Others I see whom these surround—

Smiling they live, and call life pleasure;

To me that cup has been dealt in another measure …

This is one of Shelley’s finest poems, and, in many ways, one of his most emblematic Romantic poems, given its depiction of individual feeling against the backdrop of the natural world – here, the shores of the sea at the Bay of Naples. In his dejected or miserable state, Shelley reviews his life, muses about death, and thinks about what sort of poetic reputation he has carved out for himself.

4. ‘Mont Blanc’.

Mont Blanc yet gleams on high:—the power is there,

The still and solemn power of many sights,

And many sounds, and much of life and death.

In the calm darkness of the moonless nights,

In the lone glare of day, the snows descend

Upon that Mountain; none beholds them there,

Nor when the flakes burn in the sinking sun,

Or the star-beams dart through them …

The Romantics were greatly interested in a quality that Edmund Burke called ‘the Sublime’: that peculiar mixture of awe and terror we feel when confronted with great forces of nature. Percy Shelley’s poem about Mont Blanc, the highest mountain in the Alps, is a classic example of Romantic poetry about the Sublime – an ode to nature as a powerful and beautiful force. Shelley composed ‘Mont Blanc’ during the summer of 1816, and it was first published in Mary Shelley’s History of a Six Weeks’ Tour through a Part of France, Switzerland, Germany and Holland (1817), which – beating Frankenstein by a year – was actually Mary’s first book.

5. ‘To a Skylark’.

Hail to thee, blithe Spirit!

Bird thou never wert,

That from Heaven, or near it,

Pourest thy full heart

In profuse strains of unpremeditated art.

Higher still and higher

From the earth thou springest

Like a cloud of fire;

The blue deep thou wingest,

And singing still dost soar, and soaring ever singest …

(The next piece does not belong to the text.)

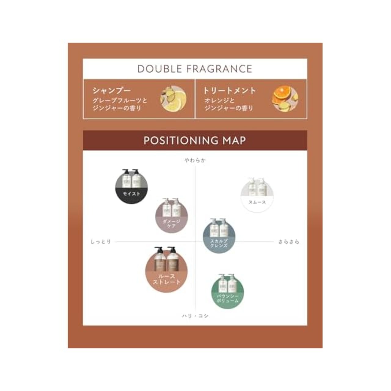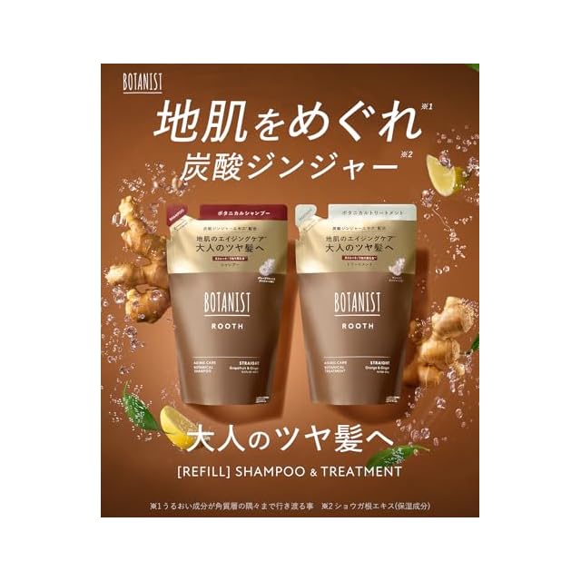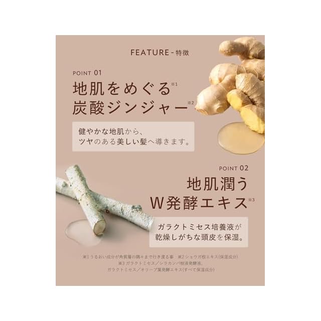 【シャンプー】「炭酸ジンジャー※1が地肌をめぐる※2 根元ふんわり、まとまりのあるツヤ髪へ」 フレッシュで温かみのあるグレープフルーツとジンジャーの香り ストレート/うねり抑える※3 地肌がスッとする使用感 [シリコン・パラベン・合成着色料・サルフェート※4フリー] ➀ 炭酸ジンジャーエキス※1配合 └健やかな地肌から、髪本来の美しさを呼び覚ます ② W発酵成分※5配合 └スキンケアで注目のガラクトミセス(酵母)で発酵させた2種の成分で、エイジングにより乾燥しがちな頭皮を保湿します。 ③環境に優しい 詰替パウチ ・環境に優しい再生プラスチック使用で石油由来原料を削減 ・本体容器よりも廃棄プラスチックを約82%削減できます ※1 ショウガ根エキス(保湿成分) ※2 うるおい成分が角質層の隅々まで行き渡る事 ※3 髪に水分を補う事による ※4 硫酸系界面活性剤 ※5 ガラクトミセス/シラカンバ樹液発酵液、ガラクトミセス/オリーブ葉発酵エキス(すべて保湿成分) 【トリートメント】 「炭酸ジンジャー※1が地肌をめぐる※2 根元ふんわり、まとまりのあるツヤ髪へ」 みずみずしく温かみのあるオレンジとジンジャーの香り ストレート/うねり抑える※3 [シリコン・パラベン・合成着色料フリー] ➀ 炭酸ジンジャーエキス※1配合 └健やかな地肌から、髪本来の美しさを呼び覚ます ② W発酵成分※4配合 └スキンケアで注目のガラクトミセス(酵母)で発酵させた2種の成分で、エイジングにより乾燥しがちな頭皮を保湿します。 ③ 地肌に直接つけることができるトリートメント(継承) └頭皮に有用成分を浸透※5 ④環境に優しい 詰替パウチ ・環境に優しい再生プラスチック使用で石油由来原料を削減 ・本体容器よりも廃棄プラスチックを約82%削減できます ※1 ショウガ根エキス(保湿成分) ※2 うるおい成分が角質層の隅々まで行き渡る事 ※3 髪に水分を補う事による ※4 ガラクトミセス/シラカンバ樹液発酵液、ガラクトミセス/オリーブ葉発酵エキス(すべて保湿成分) ※5 角質層まで

Shelley completed this, one of his most famous poems, in June 1820. The inspiration for the poem was an evening walk Shelley took with his wife, Mary, in Livorno, in north-west Italy. Mary later described the circumstances that gave rise to the poem: ‘It was on a beautiful summer evening while wandering among the lanes whose myrtle hedges were the bowers of the fire-flies, that we heard the carolling of the skylark.’ The opening line of the poem gave Noel Coward the title for his play Blithe Spirit.

Shelley’s poem is as much about poetic inspiration as it is about the bird itself. As so often with Romantic poetry, the self of the poet, the stuff of poetic creativity, the individual soul of the artist, is at one with nature’s awe-inspiring beauty and majesty.